FOR centuries, the high seas have embodied a defining principle: freedom. States have enjoyed broad rights to navigate, fish and conduct scientific research in areas beyond national jurisdiction, while the mineral resources of the international seabed are governed by the principle that they constitute the common heritage of humanity. As long as these two principles remained broadly compatible, the existing legal order proved remarkably durable.
That balance, however, has become increasingly difficult to sustain. In January, the Agreement under the United Nations Convention on the Law of the Sea on the Conservation and Sustainable Use of Marine Biological Diversity of Areas beyond National Jurisdiction — also called the BBNJ Agreement or the High Seas Treaty — came into force. Concluded after nearly two decades of negotiations, it is widely regarded as the most important development in international law of the sea since the adoption of the United Nations Convention on the Law of the Sea. More importantly, it reflects a broader shift in global ocean governance — from maximising access to safeguarding sustainability.
The agreement comes at a time when the shortcomings of the existing governance framework have become increasingly apparent. Areas beyond national jurisdiction, including the high seas and the international seabed area, account for almost two-thirds of the world’s oceans. Yet governance of these waters has long been fragmented. While different international bodies oversee shipping, fisheries, seabed mining and other activities, no single legal framework has comprehensively addressed the conservation of marine biodiversity across these spaces.
The result has been growing pressure on marine ecosystems. Advances in science and technology have made previously inaccessible marine genetic resources and deep-sea minerals increasingly valuable, intensifying competition over emerging ocean resources. At the same time, biodiversity loss, climate change and marine pollution have exposed the limitations of governance arrangements that were largely designed around resource utilisation rather than ecosystem protection.
The BBNJ Agreement seeks to fill that gap. Through rules on marine genetic resources, area-based management tools such as marine protected areas, environmental impact assessments, and capacity building and technology transfer, it establishes the first comprehensive implementation framework dedicated specifically to conserving biodiversity in areas beyond national jurisdiction.
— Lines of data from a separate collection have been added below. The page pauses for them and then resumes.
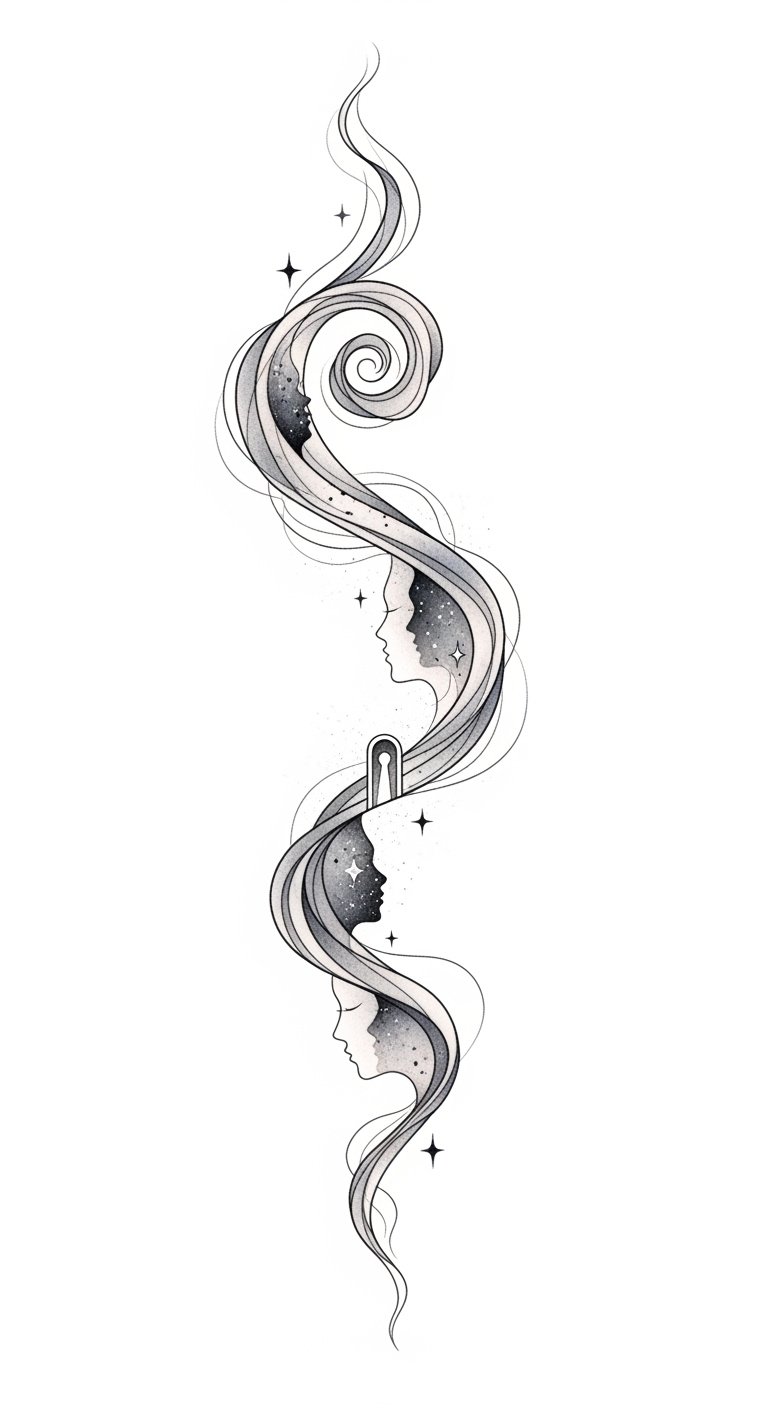 This design concept translates the original lines into a visual: flowing smoke ribbons that transition from fine, dissipating wisps into dense, ink-black spirals, with subtle highlights that suggest light sources and depth. Symbolically it represents the coexistence of impermanence and endurance—moments that fade yet leave lasting marks. Emotionally it balances turmoil and calm, offering catharsis and acceptance. Ideal placements include along the forearm or ribcage where the elongated form can follow body contours, or between the shoulder blades for a centered, expansive statement.
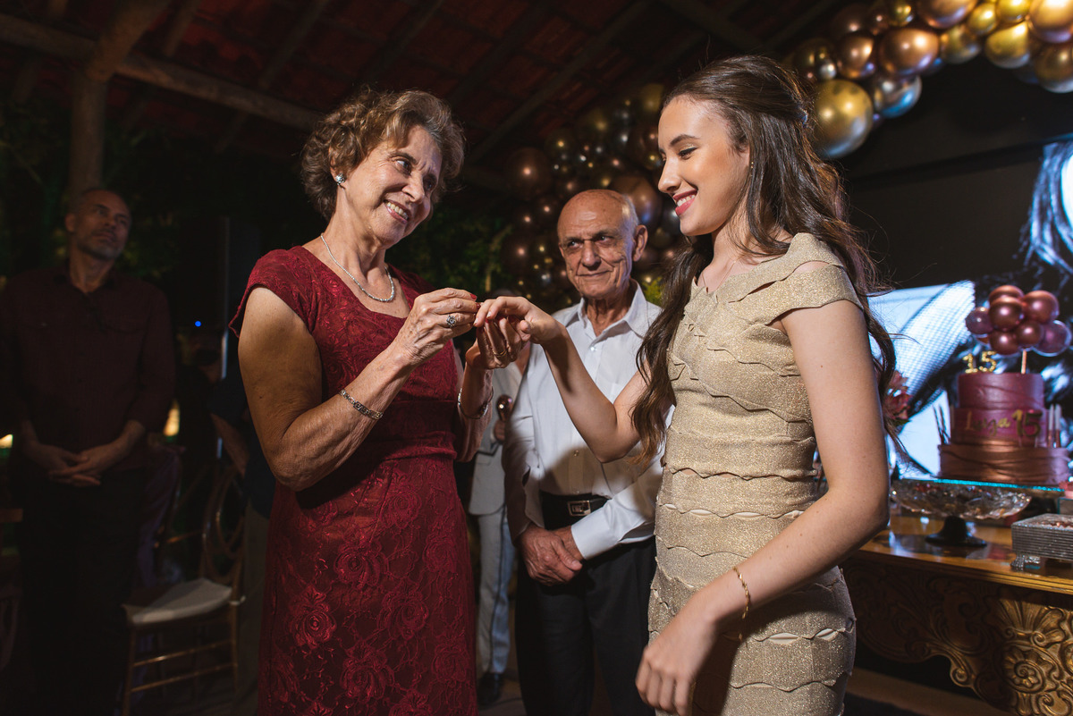 E hoje, depois dela cuidar de mim e empregar minha esposa por esses longos anos, ela agora cuida dos dentinhos de quem? Do nosso filho Gabriel. Gente, às vezes eu me pego pensando em como a vida dá as suas voltas. Agora, eu fui convidado a registrar esse momento do aniversário de 15 anos de sua filha Luiza. Quer um privilégio maior do que esse? Pra mim é uma grande honra e uma demonstração de confiança imensa. O peso desse aniversário pra mim é imensurável, não por medo, mas sim por querer retribuir todo o carinho que essa família tem comigo desde que eu era pequeno.
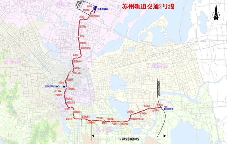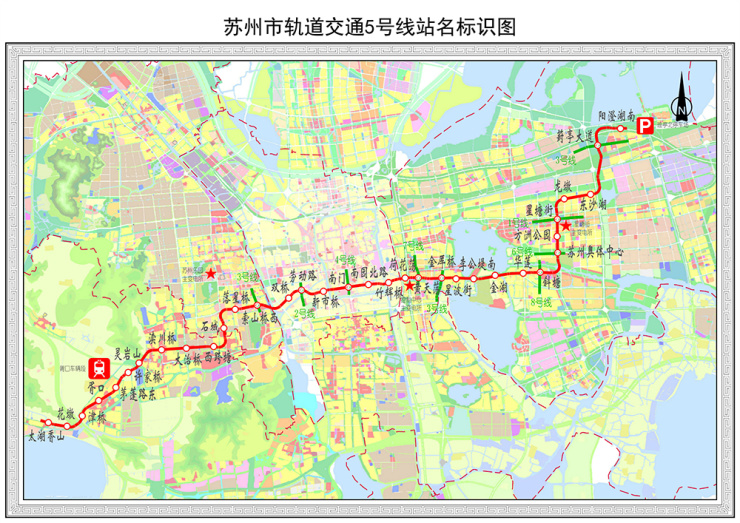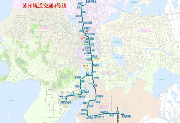 苏州地铁5号线正在建设中,预计明年6月开通试运营,标志色为品红色。线路起于吴中区的太湖香山站,止于苏州工业园区的阳澄湖南站,跨越吴中区、高新区、姑苏区、园区,规划如下图。
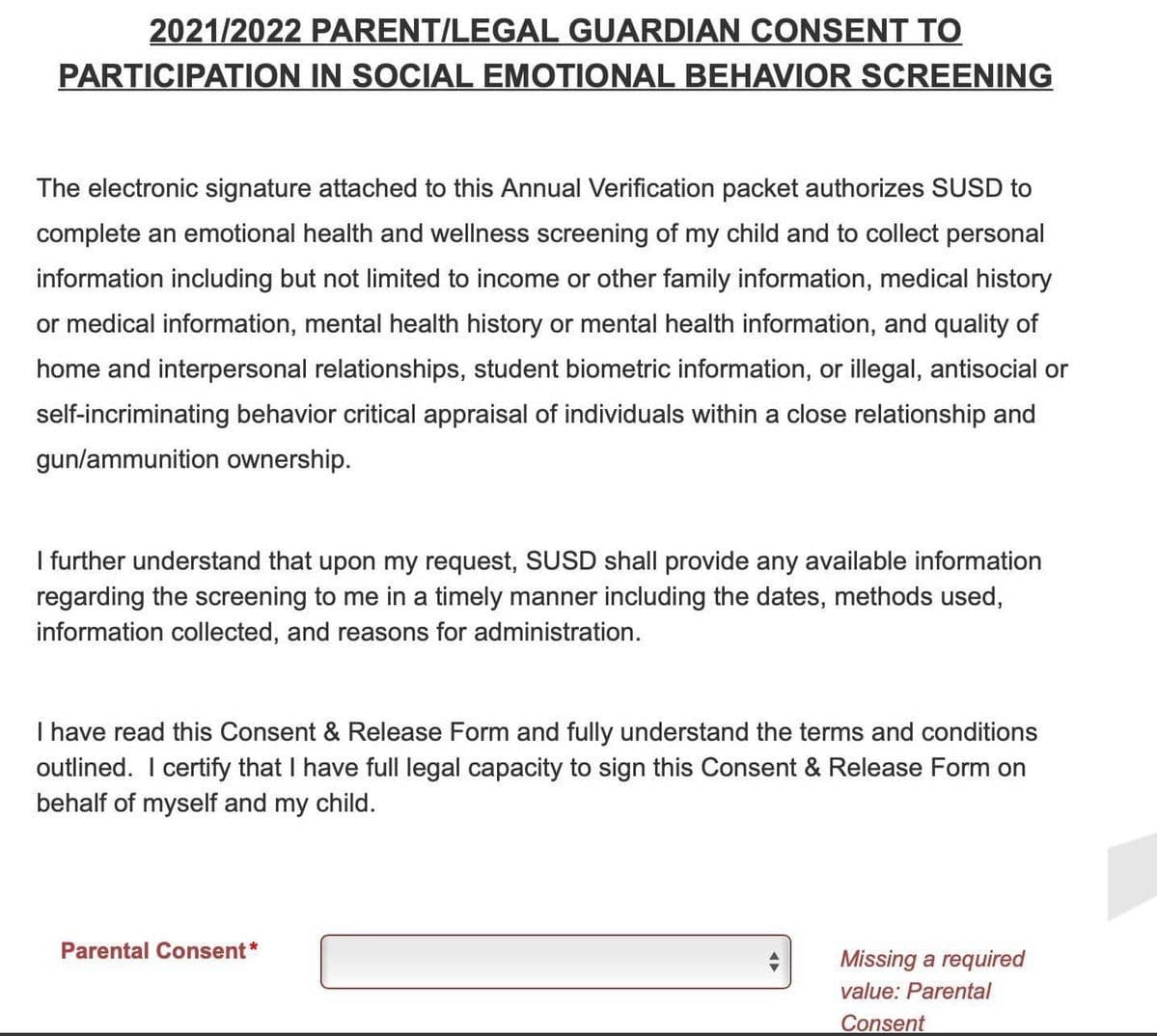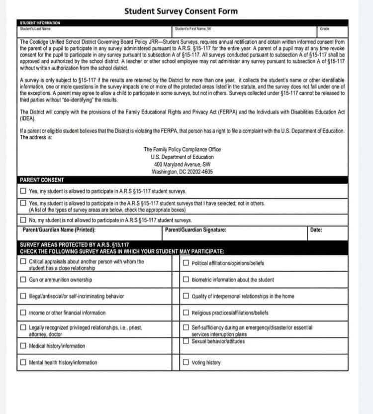 And this "Student Survey Consent Form" from Coolidge Unified School District:
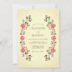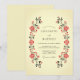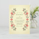 Denna design frammanar en varm, traditionell cottagecore-estetik med sin symmetriska blommiga komposition. Den krämfärgade elfenbensbakgrunden ger en mjuk bas för de livfulla röda rosorna och den djupt gröna bladverken. Ömtåliga röda bär och mörka blad kompletterar de blommande rosorna för att skapa en vintage botanisk look. Perfekt för ett mysigt landsbygds- eller rustikt höstbröllop.
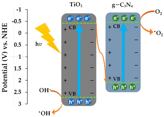 When exposed to light illumination, the VB electrons of TiO2 particles and g-C3N4 become excited, moving to their respective CB while leaving holes in their VB [15,43,44]. This process led to the formation of photogenerated electron–hole pairs in both the TiO2 particles and g-C3N4 (Figure 8). The photogenerated electrons from the TiO2 particles were transferred to g-C3N4 and combined with the photogenerated holes present in g-C3N4. This arrangement left photogenerated holes with strong oxidation ability on the VB of the TiO2 particles and the photogenerated electrons with strong reduction ability on the CB of g-C3N4. Specifically, the photogenerated holes on the VB of the TiO2 particles reacted with H2O or OH− to form hydroxyl radicals (•OH), while the photogenerated electrons on the CB of g-C3N4 reacted with O2 to generate superoxide anion radicals (•O2−). Both •OH and •O2− demonstrate enhanced oxidation and reduction abilities, respectively [45,46,47].

Its significance, however, extends well beyond environmental governance. Like many international agreements, the BBNJ Agreement is not simply about what it regulates, but also about who helps shape the rules. Decisions concerning marine protected areas, access to marine genetic resources and environmental assessments inevitably influence future patterns of resource use. Countries with stronger scientific capabilities, more advanced marine technologies and greater monitoring capacity may be better positioned to participate in these processes and to shape the practical implementation of the treaty.
Such participation is entirely legitimate under the agreement. Yet it also illustrates why implementation will inevitably involve strategic considerations alongside environmental ones. As governance gradually shifts from broad freedom toward more structured regulation, the allocation of influence over the global commons becomes an increasingly important issue in its own right.
This explains why the treaty’s implementation is likely to prove more challenging than its negotiation. Geopolitics remains an unavoidable reality. The United States has signed but not ratified the agreement, while Russia has yet to sign it, limiting the treaty’s universality. At the institutional level, the relationship between the BBNJ Agreement and existing bodies — including the International Maritime Organisation, the International Seabed Authority and regional fisheries management organisations — will require careful coordination to ensure that the treaty complements rather than undermines established mandates.
Differences in national capacity present another challenge. Effective implementation depends not only on legal obligations but also on scientific expertise, financial resources and technological capabilities. Ensuring that developing countries can participate meaningfully through capacity building and technology transfer will therefore be essential if the agreement is to deliver genuinely inclusive governance.
Nor should conservation tools themselves become sources of new contention. Area-based management measures are intended to protect marine ecosystems, not to create new forms of competition over ocean space. Preserving an appropriate balance between conservation and sustainable use will remain one of the agreement’s most important tests.